The nomad readiness command helps administrators determine when sufficient data has been collected for reliable ML predictions.

Quick Start

nomad readiness              # Basic readiness report
nomad readiness -v           # Verbose with feature details
nomad readiness --db mydata.db   # Specify database

What It Assesses

The readiness estimator evaluates four dimensions:

1. Sample Size

Level Jobs Score
Minimum 100+ 40%
Recommended 500+ 70%
Optimal 1000+ 100%

2. Class Balance

Compares successful vs failed jobs. Ideal ratio is between 60:40 and 90:10. Extremely imbalanced data (>95% one class) reduces prediction reliability.

3. Feature Coverage

Checks that all 17 feature dimensions have sufficient variance:

  • CPU efficiency
  • Memory utilization
  • I/O wait percentage
  • NFS write ratio
  • Runtime characteristics
  • Exit signals
  • And more...

Features with zero variance (all same value) don't contribute to predictions.

4. Data Recency

Recent data is weighted more heavily. The estimator checks:

  • Jobs from last 24 hours
  • Jobs from last 7 days
  • Jobs from last 30 days

Stale data (>30 days old only) triggers a warning.

Output Example

======================================================================
                       NOMAD Data Readiness
======================================================================
  Overall Score: 72% (Recommended)
======================================================================

  Sample Size       ================....  847 jobs (85%)
  Class Balance     ==============......  82:18 ratio (70%)
  Feature Coverage  ====================  17/17 features
  Data Recency      ==========..........  3 days old (50%)

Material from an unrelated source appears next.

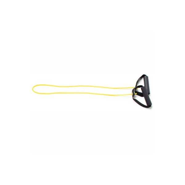 Cando exercise tubing with handles, yellow, 48" lightweight, compact and portable, the tubing exerciser helps perform strengthening and conditioning workouts on-the-go, even in your hotel room!! two permanent foam covered rigid handles give the exerciser comfort and a firm grasp. Cando is licensed to use the thera-band color sequence so resistance level is easily identified. The tubing with handles exerciser is available in 7 levels of resistance for progressive exercise and 3 lengths to accommodate different needs. Levels range in order of strength from least to greatest resistance: tan, yellow, red, green, blue, black, silver. Length represents length of tubing from end to end when unit is laid flat and is taut. Cando low powder exercise tubing is made of natural rubber latex, which may cause allergic reactions. 48" - yellow - x-light.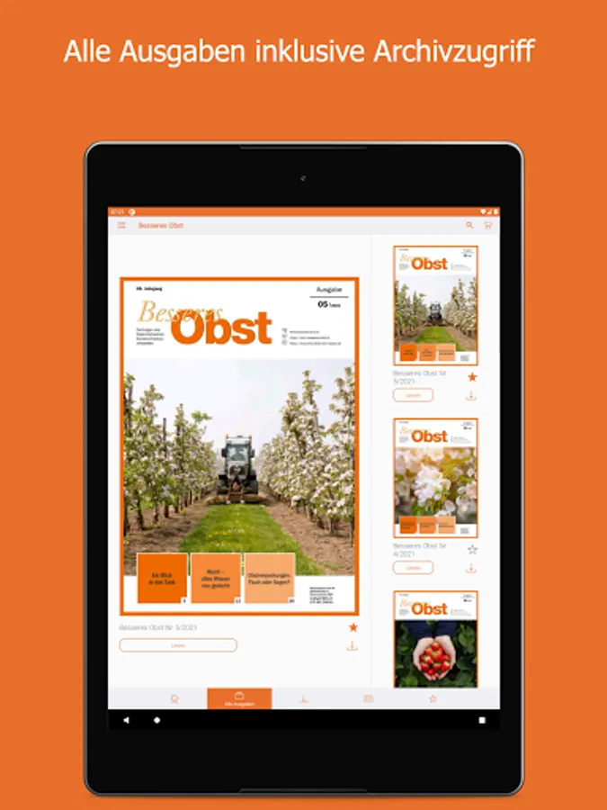 The trade magazine "Better Fruit" provides fruit growers with targeted information on production, technology, crop protection, market developments and the storage and marketing of table fruit. There are also tips for fruit processing and new fruit types and their assessment. The magazine is published eleven times a year.

======================================================================
  Forecast: At 125 jobs/day, optimal threshold (1000)
            will be reached in approximately 2 days.
======================================================================

Verbose Mode

With -v or --verbose, see per-feature statistics:

nomad readiness -v

Shows coefficient of variation (CV%) for each feature, helping identify which metrics contribute most to predictions.

Recommendations

The command provides actionable recommendations:

  • Low sample size: "Continue collecting data. Run nomad collect to gather more jobs."
  • Class imbalance: "Dataset is heavily skewed toward successful jobs. Consider longer collection period to capture more failure modes."
  • Missing features: "GPU metrics unavailable. Install nvidia-smi for GPU-enabled nodes."
  • Stale data: "Most recent job is 15 days old. Ensure collectors are running."